Kenulf had already been on the throne fifteen years and the prospect of internal strife over the royal succession after his death was a matter of great concern to Kenulf and his people. His daughter, Quendrith, could hardly be considered as a likely successor – she was a woman, ill-equipped for war, and, it was said, a strongly religious person as well. Kenulf and Ælfthryth desperately needed a son and they and the people prayed daily for this, with subsequent rejoicing when the queen became pregnant and when, in AD814, the prayers were answered by the birth of a little brother for Quendrith. The whole of Wincelcumb celebrated and runners took the happy news to all corners of the kingdom. In gratitude to God and in respectful memory of his first-born, Kenulf chose the name Kenelm for his new son. And there were more celebrations when a daughter, for whom they chose the name Borewenild, was born a year later.

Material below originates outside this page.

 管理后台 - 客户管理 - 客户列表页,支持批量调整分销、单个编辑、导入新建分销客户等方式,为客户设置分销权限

Everyone hoped that Kenelm would take after his half brother, schooled in warfare and a worthy successor to his father and were happy when he grew up endowed with every grace of body and mind. We imagine him, with the other boys of the court, exploring the surrounding countryside, getting into scrapes and, perhaps, like other boys, not averse to using his rank to escape their consequences. He would have gone hunting in the woods and fishing from the banks of the streams. Perhaps he watched beavers making their dams in the shallower waters above the town. Perhaps, when the dams became a nuisance and threatened floods, he would have been sent with the other boys to break them up. Undoubtedly, prince or no, he would have had to help with the work around the court, especially any work that involved preparing for war and learning the skills of a soldier – no-one knew he was to die as a child and that the skills of generalship for which he was being prepared would not be needed. He probably visited and studied the great earthwork running from north to south along the border with Wales which Offa had constructed to define his western boundaries and, perhaps, to protect Mercia from her enemies. Standing on its ramparts and looking at the distant mountains of Powys, he must have wondered about the small, dark men who came raiding out of the fiery sunset, not recognising that he was heir to a land stolen from them centuries before.

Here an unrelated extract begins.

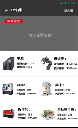 宏觀顯示:顯示整個生產線中所有設備設的運行、停機和故障狀態等;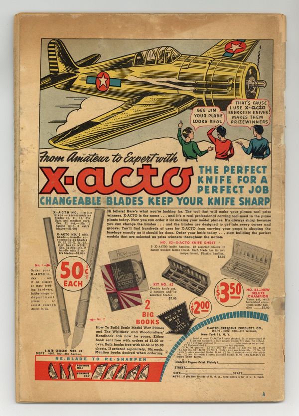 Cover art by Jack Kirby. Unlucky Thirteen, script and art by Jack Kirby. Join the Legion of Forgotten Men, script and art by Jack Kirby; the boys think they are signing autographs but accidentally join the Foreign Legion. Captain Tootsie Tootsie Rolls ad, pencils by C. C. Beck, inks by Pete Costanza. Sunken World, script and art by Jack Kirby. Law and Order text story starring Jimmy Dale, script by Tex Wade. 52 Pages, Full Color. Cover price $0.10.

Perhaps, too, he listened, half fearfully, to the poets as they recited the new poetry of the age. Perhaps he actually met the very poet who created Beowulf, that long and exciting adventure story describing how the fearsome monster, Grendel, entered the hall of Hrothgar and carried off thirty of his thegns. Of how Beowulf tracked Grendel and his water-hag mother to their cave and, after a fierce fight during which their blood melted his sword, eventually succeeded in killing them. And when he had been especially frightened by theses stories, he would play with his little sister, Borewenild, and, in turn, tell her frightening stories of the great wide world outside Wincelcumb. Perhaps she was frightened, more likely she let Kenelm think she was! Certainly, his elder sister, Quendrith, was not the sort to be frightened.

By now, Quendrith’s religious inclinations had resulted in her becoming abbess of both her father’s monastery of Wincelcumb and of the nearby nunnery which Offa had founded some years before, and she was more likely to tell Kenelm ‘improving’ stories of her own – the stories of King Arthur who had fought the ancestors of the young prince. And there was, possibly, just the hint that Arthur’s blood ran in Kenelm’s veins. Perhaps she and the people really believed this – perhaps it was even true. More likely it was a means of encouraging him to believe in his own destiny as a powerful king of England as Offa had been.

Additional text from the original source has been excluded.